About Rijeka
A city does not have borders - it only appears that way. Rijeka’s roads - literal, and more importantly, metaphorical ones - are leading to the outskirts, blending with its surroundings.
Located in the Kvarner Bay of the Adriatic Sea, it is the principal seaport in Croatia and economical, administrative and cultural centre of the Primorje-Gorski Kotar County. In many ways, Rijeka embodies all the diversity of its County, part of a shared organism that is the engine of equally shared energy. This only multiplies and dynamizes Rijeka, broadening the spectrum of its differences and making it a city of possibilities.
It is a city that visitors often bypass on their way to dreamy Adriatic summers in romantic historical hotels and villas of Opatija or in natural beauties of nearby islands. Some visitors, sometimes intentionally, often quite accidentally, wander through the city and discover little secrets of this complex post-industrial town, fiercely contested throughout history due to its strategic position.
Rijeka frames a space burdened with traumatic historical events, as a divided city, shaped by force and migrations – both voluntary and involuntary ones. Continuous rumour of legends of unique historical figures such as Gabriele D'Annunzio or Josip Broz Tito are intertwined with stories of shipyard or paper mill workers.
Rijeka developed on a geographical site of constantly changing and swaying formal borders, causing many neuralgic situations in its past. If anyone knows it, it is Rijeka's citizens who lived in incredible nine states in the 20th century. This formed a state of mind with values that are very much European: multilingualism, tolerance, differences seen as the common good, focus on what connects us, collaborative relationship – and the only appropriate response is a cultural one.
The city is reaching beyond its own habitual memories and narratives, as a thriving port, a prospering industrial city, because that city simply does not exist any longer. It slid away at the end of the last century, together with lost jobs, leaving abandoned halls, chimneys and power plants. Rijeka’s industrial heritage is vast and epochal, it created the city and shaped its citizens. Rijeka’s nostalgia feeds apathy. However, nostalgia is not an ideal way to live in the present nor to create the future.
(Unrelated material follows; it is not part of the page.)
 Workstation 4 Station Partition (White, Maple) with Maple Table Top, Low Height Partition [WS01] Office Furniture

The energy of 23,000 students of an ambitious University, the innovation of the creative sector and the title of the European Capital of Culture 2020 are the foundations on which we build a new future for the city. A part of Rijeka’s vast industrial heritage, former factory Rikard Benčić, is becoming a new cultural and social centre of the city, starting with the new Museum of Modern and Contemporary Arts opening this September. A legendary Tito’s yacht Galeb, one of the symbols of the Nonaligned movement, will be transformed into a unique place of gathering of Rijeka’s permanent and temporary citizens. Various events will be popping out of every corner of the city, to flood the city into great celebration of culture, arts and active citizenship in 2020.
Rijeka’s cultural scene has always been constant, dynamic, stable and progressive. Yet, it has never been a decisive part of the city’s image. Outside the city’s borders there are not many people who associate Rijeka with culture and the arts. Rather, Rijeka recalls ships, blue shirts, sailors, cranes, rust, oil and residential high-rises for workers’ families. Rijeka equals Work – and its cultural potential has barely been tested – so far.
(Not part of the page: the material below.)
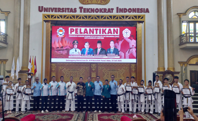 Walikota Eva Dwiana yang disambut langsung oleh Rektor Universitas Teknokrat Indonesia Dr. HM. Nasrullah Yusuf, SE, MBA, menghadiri pengukuhan pengurus Pengcab KKI Bandarlampung di Gelanggang Mahasiswa Dr. H.M Nasrullah Yusuf, Rabu (23/7/2025).

Borders excite. They should be drawn just to be erased and in that way, we can take the best of both worlds—enjoy in the uniqueness of our own and other cultures to the full, at the same time recognizing individual particularities and common values.
Welcome to Rijeka, a city which remains an oasis of normality in an abnormal context. Enjoy your stay, for it might easily end up in history books.